I am really shocked by this article. The idea that residential energy consumption could change so dramatically  in only 16 years is so amazing. Its like when we shifted to coal or later when we shifted to natural gas and then electricity. Only nobody is really talking about it.

 

http://www.eia.gov/todayinenergy/detail.cfm?id=10271

March 7, 2013

Heating and cooling no longer majority of U.S. home energy use

For decades, space heating and cooling (space conditioning) accounted for more than half of all residential energy consumption. Estimates from the most recent Residential Energy Consumption Survey (RECS), collected in 2010 and 2011 and released in 2011 and 2012, show that 48% of energy consumption in U.S. homes in 2009 was for heating and cooling, down from 58% in 1993. Factors underpinning this trend are increased adoption of more efficient equipment, better insulation, more efficient windows, and population shifts to warmer climates. The shift in how energy is consumed in homes has occurred even as per-household energy consumption has steadily declined.
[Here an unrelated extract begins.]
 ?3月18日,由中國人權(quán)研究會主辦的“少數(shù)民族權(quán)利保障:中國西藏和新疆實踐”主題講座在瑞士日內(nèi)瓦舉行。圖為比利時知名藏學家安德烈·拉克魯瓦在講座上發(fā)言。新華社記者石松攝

While energy used for space conditioning has declined, energy consumption for appliances and electronics continues to rise. Although some appliances that are subject to federal efficiency standards, such as refrigerators and clothes washers, have become more efficient, the increased number of devices that consume energy in homes has offset these efficiency gains. Non-weather related energy use for appliances, electronics, water heating, and lighting now accounts for 52% of total consumption, up from 42% in 1993. The majority of devices in the fastest growing category of residential end-uses are powered by electricity, increasing the total amount of primary energy needed to meet residential electricity demand. As described in yesterday’s Today in Energy, increased electricity use has a disproportionate effect on the amount of total primary energy required to support site-level energy use.

Other notable trends in household energy consumption include:

  • The average U.S. household consumed 11,320 kilowatthours (kWh) of electricity in 2009, of which the largest portion (7,526 kWh) was for appliances, electronics, lighting, and miscellaneous uses.
  • On average, residents living in homes constructed in the 1980s consumed 77 million Btu of total energy at home. By comparison, those living in newer homes, built from 2000 to 2009, consumed 92 million Btu per household, which is 19% more.
  • Space heating accounted for 63% of natural gas consumed in U.S. homes in 2009; the remaining 37% was for water heating, cooking, and miscellaneous uses.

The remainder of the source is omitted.